#throwbackThursday

#ThrowbackThursday

Today’s adventure in the Wayback Machine takes us to one of the most sacred places on Hawaii, The Kuaniloko Birth Stones State Monument. The sponsor for this post is my upcoming and returning trip next week to Hawaii. Big Island, not Oahu, but a long distance from my current home in Arizona.

Kukaniloko Birth Stones

Last week, Luke and I visited another “spot on the map”, Kukaniloko, the sacred birth stones of Oahu. We’ve since found out many locals have not visited this spot although it is one of the most sacred places in Hawaii.

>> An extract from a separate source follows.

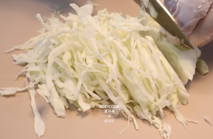 7. 양배추를 채 썰어줍니다.

For over 800 years, the ancient royals gave birth on the stones, ensuring high regard for the newborns.Click To Tweet The chiefs witnessed the birth and ceremonially cut the umbilical cord then pledged their support to the newborn.

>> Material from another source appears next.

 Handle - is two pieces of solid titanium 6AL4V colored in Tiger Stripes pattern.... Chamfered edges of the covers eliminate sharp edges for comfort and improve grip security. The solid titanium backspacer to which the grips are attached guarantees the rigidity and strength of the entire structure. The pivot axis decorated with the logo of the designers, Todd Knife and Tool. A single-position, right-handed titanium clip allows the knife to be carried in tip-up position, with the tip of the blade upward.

No one else was at the spot when we arrived at the small parking area just off Route 80, directly opposite Whitmore Avenue. If we hadn’t seen the marker on our map, we would have thought we were driving into a pineapple field.  We drove past the drive and had to double back. A very worn, small King Kamehameha marker on the north side of the drive directed us in.

The parking lot was dirt, the iron-rich red soil common in the area. It had rained earlier, so we stepped carefully.

The path to the grove of eucalyptus trees that house the birthing stones is about 300 yards long. It may have been my imagination, but I swear I cold feel the echoes of labor pains as I walked it. How many royal mothers were carried over this same path, their bodies twisted in labor as their child struggled to be born?

Trade winds shook tree leaves as we walked among the stones. Small puddles of rainwater lay in the indentations carved by the feet of the birth retainers, who stood on the stones as they braced the mother.

Kukaniloko Birth Stones

A perimeter of stones circled the main area, a warning to keep out strangers.  We hardly spoke, the history of Kukaniloko pressed down on us.

Kukaniloko Birth Stones left me in awe. Few places I've visited have left me with a profound sense of awe and history. Click To Tweet

Monument Rocks, Kansas; South Point on Big Island; and Kukaniloko on Oahu. They’ve left an indelible impression.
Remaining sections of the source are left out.